Supported Categories (Labels)

The model classifies inputs into 8 specific distinct intents, coded with wine-based code names:

Label	Domain	Description
malbec	Docker Management	Containers, images, volumes, logs (e.g., "run nginx", "stop db").
syrah	Networking	Connectivity, ping, ports, IP, DNS (e.g., "check internet", "my ip").
tempranillo	SysAdmin	System processes, users, services, resources (e.g., "kill process", "create user", "check ram").
pinot	Search	File search, grep, find, localization (e.g., "find logs", "where is python").
chardonnay	File Management	Local file manipulation (e.g., "create folder", "delete file", "list directory").
cabernet	Remote Access	SSH connections, SCP transfers, tunneling (e.g., "connect to server", "send file to vps").
gemma	General / Chat	General knowledge questions, trivia, chit-chat (e.g., "tell me a joke", "capital of France").
null	Out of Domain	Irrelevant queries, personal questions, or noise (e.g., "order pizza", "call mom").

Training Data

The model was trained on a custom dataset containing approximately 1,500+ samples, consisting of:

Real CLI Commands: Translated from natural language (based on datasets like nl2bash).
Synthetic Variations: Grammatical variations of common sysadmin requests.
Adversarial STT Noise: The dataset was heavily augmented with phonetic corruptions to simulate Vosk errors in Spanish (e.g., "doquer", "pines", "rut", "suda").

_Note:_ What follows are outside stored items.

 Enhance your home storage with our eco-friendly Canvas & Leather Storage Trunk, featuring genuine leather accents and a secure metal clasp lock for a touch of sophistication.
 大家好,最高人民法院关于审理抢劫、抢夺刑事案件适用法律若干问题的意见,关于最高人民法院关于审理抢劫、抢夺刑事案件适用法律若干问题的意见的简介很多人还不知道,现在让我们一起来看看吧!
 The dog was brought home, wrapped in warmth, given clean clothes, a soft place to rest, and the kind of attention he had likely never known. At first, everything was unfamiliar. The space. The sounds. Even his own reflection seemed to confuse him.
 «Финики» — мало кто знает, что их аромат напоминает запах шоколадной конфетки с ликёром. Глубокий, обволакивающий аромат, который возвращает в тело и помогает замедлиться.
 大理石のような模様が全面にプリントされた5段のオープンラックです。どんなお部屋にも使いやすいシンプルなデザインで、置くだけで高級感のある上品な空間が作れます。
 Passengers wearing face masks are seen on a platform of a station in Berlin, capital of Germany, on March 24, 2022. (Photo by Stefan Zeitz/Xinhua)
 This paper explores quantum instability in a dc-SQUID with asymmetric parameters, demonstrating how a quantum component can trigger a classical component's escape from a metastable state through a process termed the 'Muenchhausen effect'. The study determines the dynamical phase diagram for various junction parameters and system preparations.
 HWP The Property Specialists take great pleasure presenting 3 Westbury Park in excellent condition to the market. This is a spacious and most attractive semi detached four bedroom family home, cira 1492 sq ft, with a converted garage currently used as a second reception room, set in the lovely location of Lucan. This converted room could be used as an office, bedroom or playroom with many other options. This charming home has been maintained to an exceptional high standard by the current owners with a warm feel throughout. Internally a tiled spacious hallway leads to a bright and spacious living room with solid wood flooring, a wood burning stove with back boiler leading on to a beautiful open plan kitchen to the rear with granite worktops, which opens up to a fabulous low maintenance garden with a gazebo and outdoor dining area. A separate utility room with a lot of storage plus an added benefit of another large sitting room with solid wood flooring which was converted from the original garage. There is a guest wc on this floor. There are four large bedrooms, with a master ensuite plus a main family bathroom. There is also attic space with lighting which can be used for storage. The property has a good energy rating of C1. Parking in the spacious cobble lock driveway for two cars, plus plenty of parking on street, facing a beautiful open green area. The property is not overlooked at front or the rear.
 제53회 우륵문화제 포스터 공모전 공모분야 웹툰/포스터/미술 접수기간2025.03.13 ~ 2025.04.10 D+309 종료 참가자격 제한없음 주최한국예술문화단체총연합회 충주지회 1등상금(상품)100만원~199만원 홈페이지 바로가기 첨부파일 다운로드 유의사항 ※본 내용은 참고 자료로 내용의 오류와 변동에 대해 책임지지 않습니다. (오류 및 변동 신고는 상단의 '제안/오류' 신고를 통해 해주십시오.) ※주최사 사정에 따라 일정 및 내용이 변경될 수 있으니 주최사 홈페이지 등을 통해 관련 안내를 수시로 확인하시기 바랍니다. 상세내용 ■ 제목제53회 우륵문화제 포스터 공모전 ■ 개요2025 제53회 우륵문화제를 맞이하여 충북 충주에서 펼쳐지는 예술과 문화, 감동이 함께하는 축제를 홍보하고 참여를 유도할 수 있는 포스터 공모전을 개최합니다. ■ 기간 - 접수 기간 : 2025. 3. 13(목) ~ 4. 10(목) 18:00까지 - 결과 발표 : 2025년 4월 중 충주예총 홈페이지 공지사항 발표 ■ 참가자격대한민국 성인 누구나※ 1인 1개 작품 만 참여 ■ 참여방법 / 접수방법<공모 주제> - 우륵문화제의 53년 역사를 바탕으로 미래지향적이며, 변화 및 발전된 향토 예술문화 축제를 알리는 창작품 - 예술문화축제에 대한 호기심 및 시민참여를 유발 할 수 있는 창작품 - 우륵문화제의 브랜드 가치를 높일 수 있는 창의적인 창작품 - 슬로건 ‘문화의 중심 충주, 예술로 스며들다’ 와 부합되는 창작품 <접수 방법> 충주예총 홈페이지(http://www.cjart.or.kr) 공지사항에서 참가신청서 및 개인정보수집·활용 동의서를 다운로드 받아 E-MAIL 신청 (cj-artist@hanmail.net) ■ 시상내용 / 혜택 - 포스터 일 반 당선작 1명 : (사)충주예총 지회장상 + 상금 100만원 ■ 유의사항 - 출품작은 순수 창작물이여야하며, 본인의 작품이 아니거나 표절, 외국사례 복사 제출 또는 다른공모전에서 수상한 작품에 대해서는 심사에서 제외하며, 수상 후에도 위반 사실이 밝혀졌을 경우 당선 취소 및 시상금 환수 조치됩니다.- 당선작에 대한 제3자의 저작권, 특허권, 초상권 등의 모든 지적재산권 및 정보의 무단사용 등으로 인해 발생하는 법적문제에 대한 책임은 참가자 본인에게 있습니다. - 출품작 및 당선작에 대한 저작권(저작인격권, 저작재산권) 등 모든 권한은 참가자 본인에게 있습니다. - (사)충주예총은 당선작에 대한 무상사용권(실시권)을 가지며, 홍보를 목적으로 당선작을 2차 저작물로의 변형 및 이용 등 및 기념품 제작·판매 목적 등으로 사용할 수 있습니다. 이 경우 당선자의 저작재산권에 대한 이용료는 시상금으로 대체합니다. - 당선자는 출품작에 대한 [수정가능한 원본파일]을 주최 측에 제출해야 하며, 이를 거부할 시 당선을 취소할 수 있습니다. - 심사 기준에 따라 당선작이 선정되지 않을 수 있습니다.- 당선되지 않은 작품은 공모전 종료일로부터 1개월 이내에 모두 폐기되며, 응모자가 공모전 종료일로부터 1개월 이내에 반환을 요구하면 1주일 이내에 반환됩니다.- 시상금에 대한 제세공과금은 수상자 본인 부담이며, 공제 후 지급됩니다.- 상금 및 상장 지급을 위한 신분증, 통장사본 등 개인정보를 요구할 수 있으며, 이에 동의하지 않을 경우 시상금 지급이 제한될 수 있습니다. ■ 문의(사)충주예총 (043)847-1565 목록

Performance and Reliability

Based on inference tests, the model exhibits the following behavior:

High Confidence (>85%): Technical commands for Docker (malbec), Files (chardonnay), and SysAdmin (tempranillo) are detected with high precision, even with misspellings.
Medium Confidence (~55-65%): Remote file transfers (SCP) involving long sentences may sometimes overlap with local file management. It is recommended to implement a confirmation logic if confidence is below 75% for destructive or remote actions.
OOD Rejection: Non-technical inputs are reliably classified as gemma (General) or null (Noise), typically with low confidence scores, allowing the system to safely ignore them.

How to Get Started

You can use this model with the Hugging Face pipeline API:

from transformers import pipeline

# Load the model
router = pipeline("text-classification", model="jrodriiguezg/minilm-l12-grape-route")

# Inference examples
commands = [
    "levanta un contenedor de nginx",       # Standard Docker command
    "haz un pin a google",                  # Network command with STT noise ("pin" instead of "ping")
    "borra el archivo de configuracion",    # File management
    "cuentame un chiste"                    # General chat
]

for cmd in commands:
    result = router(cmd)
    print(f"Command: {cmd} -> {result}")

Limitations Language: The model is optimized for Spanish inputs containing English technical jargon. It may not perform well on pure English sentences or other languages.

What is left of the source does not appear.